Fashina is a rounded human being and an inspiration to generations of Ife students. He is also, an identity. One day in 1990, I got into conversation with a rising journalist who has now become a top politician. She bet I didn’t know her, so I mentioned her name and the medium she worked. She seemed disappointed I didn’t know her earlier than her journalism profession. I drew a blank: “I was Jingo’s student!” she said with pride. Needless to say, we worked closer as journalists as we belonged to the Jingo ‘fraternity’.
Fashina is from the Ashogbon family of Isale Eko, the part of Lagos that produces its kings. He attended St. Peter’s Faji School, Ajele, Lagos. At 12, Fashina was admitted into the prestigious Kings College, Lagos and in 1963 and proceeded to the Federal Government College, Apata, Ibadan for his Higher School Certificate, HSC. He gained admission into the University of Ibadan to read French on Western Nigeria scholarship, but opted to study in the then Union of Soviet Socialist Republics, USSR.
Fashina, a polyglot, speaks Yoruba, English, French, Russian, Ukrainian, reads and translates German and Spanish.

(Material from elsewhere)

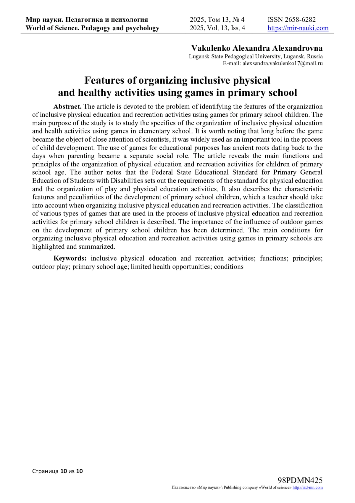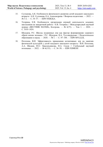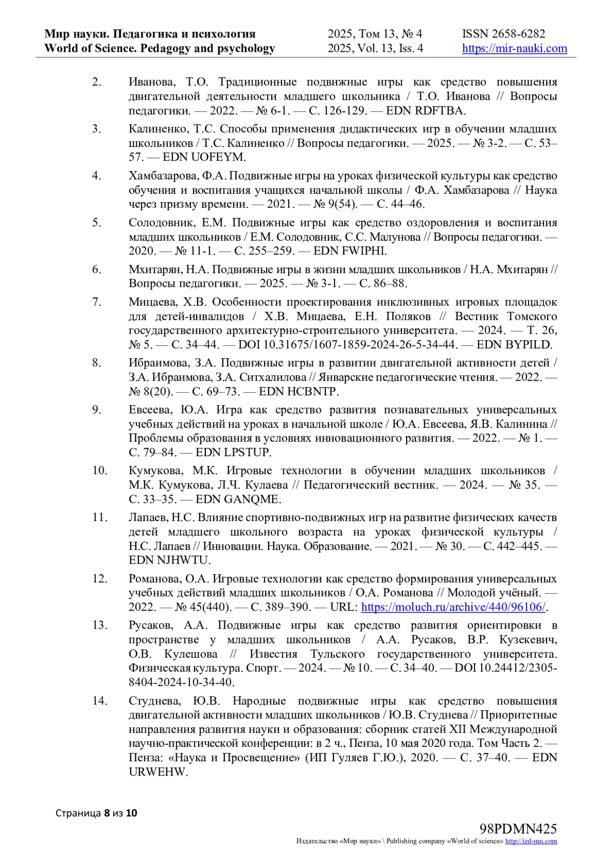 6. Мхитарян, Н.А. Подвижные игры в жизни младших школьников / Н.А. Мхитарян // Вопросы педагогики. - 2025. - № 3-1. - С. 86-88. EDN: IWVXEC

He moved to the University of California, Los Angeles, UCLA, United States, where he got his Doctorate in Philosophy. He had got to the same Philosophy Department in UCLA in 1971, the year after the famous Angela Davis had been forced out for being a communist. Fashina joined the Movement and worked with the Black Panthers led by Bobby Seale, Huey. P. Newton and Eldridge Cleaver. It was his involvement in the Black Movement that radicalised him.

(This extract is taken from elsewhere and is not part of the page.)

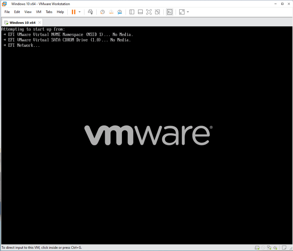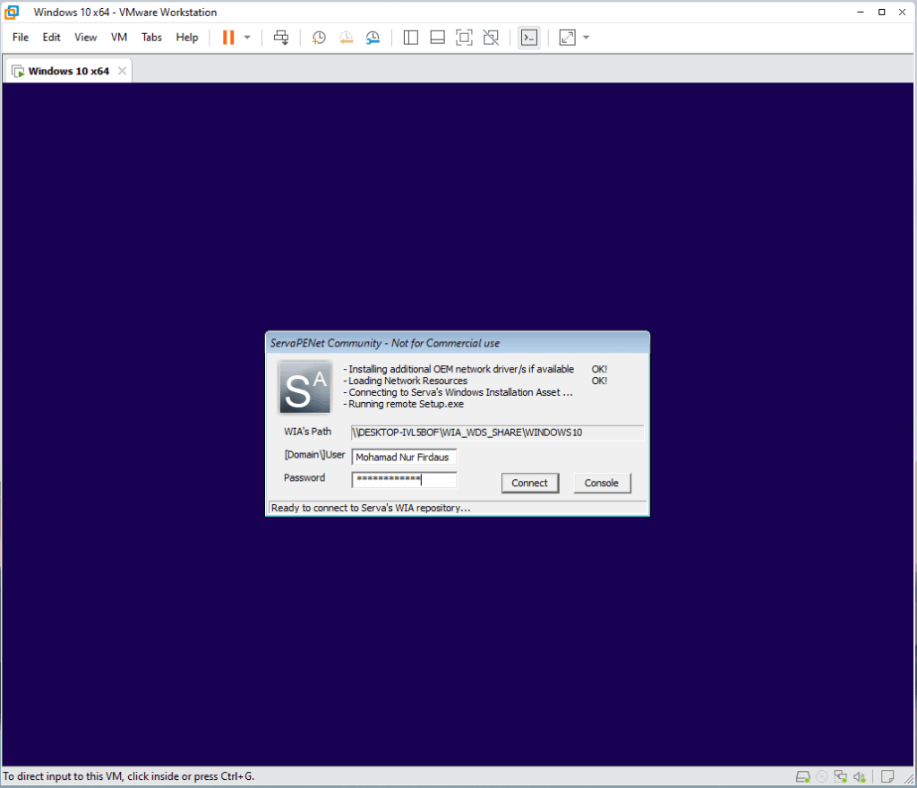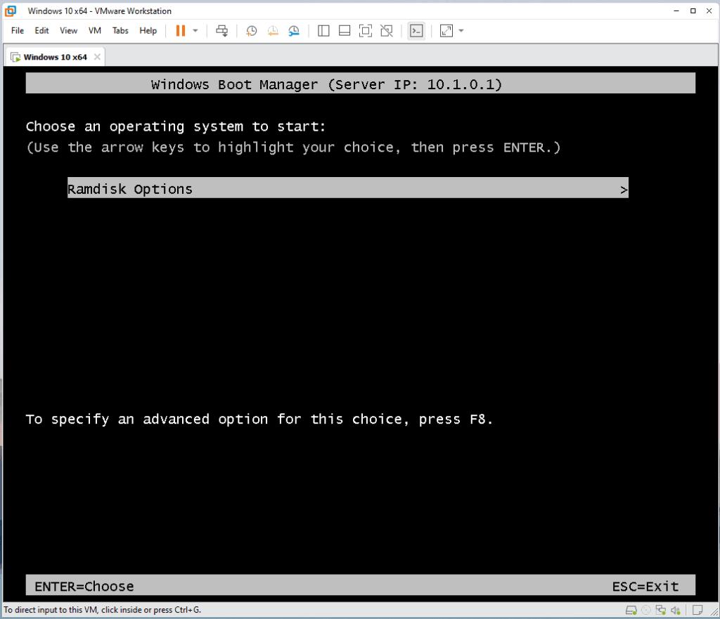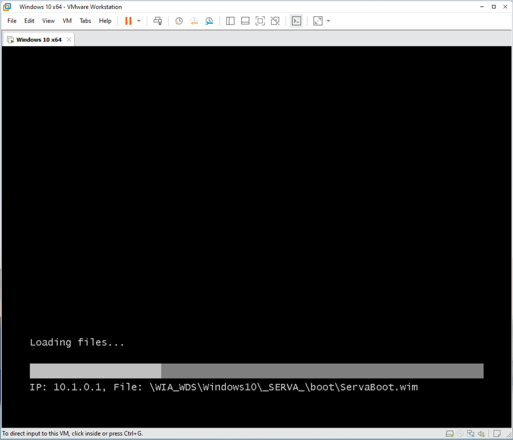 Close dan buka kembali aplikasi serva community klik tab logs untuk melihat riwayat konfigurasi. Jika sudah muncul WIA_WDS_SHARE OK seharusnya TFTP Server sudah bisa digunakan. Untuk percobaan buat satu mesin virtual dan arahkan network adapter menggunakan vmnet 1. Jalankan mesin virtual tersebut jika masuk ke booting melalui network akan muncul seperti gambar dibawah.

For his doctoral thesis, he disproved the hypothesis that Karl Marx had only a theory on functions and change in social systems, but not on individuals. The title was A Theory of Individuals in Karl Marx. He got his Ph.D in 1979; that was at the height of Afro-American nationalism with a strong “Back-to-Africa” theme; so he decided to return to Nigeria immediately and join the movement for the emancipation of the country. That was how he came Ife.
Fashina used the Socratic methodology of teaching; leading the student to discover his or her faculties and applying this critical thought process to all he is taught, and does. He frequently uses the fictional Jingo as an example because he does not want to be accused of maligning anybody. But if he had to use more examples, he merely invented other names like Bongo, Bamanga, Bambara. Jingo has stuck on him and he willingly accepts this. To him, his students are his life.
Fashina was the founding coordinator of the Philosophy Department of the Ogun State University (now Olabisi Onabanjo University) where he directed that his honorarium be used to establish the departmental library. Despite his prodigious learning, academic output and producing professors like Femi Taiwo, Akinyemi Onigbinde and Yinusa Salami, Fashina is not a professor. When some new universities were established and they offered him professorship, he declined. He simply does not think professorship is crucial to his goal of producing good citizens and good scholars, and using his talents and knowledge to midwife a just society.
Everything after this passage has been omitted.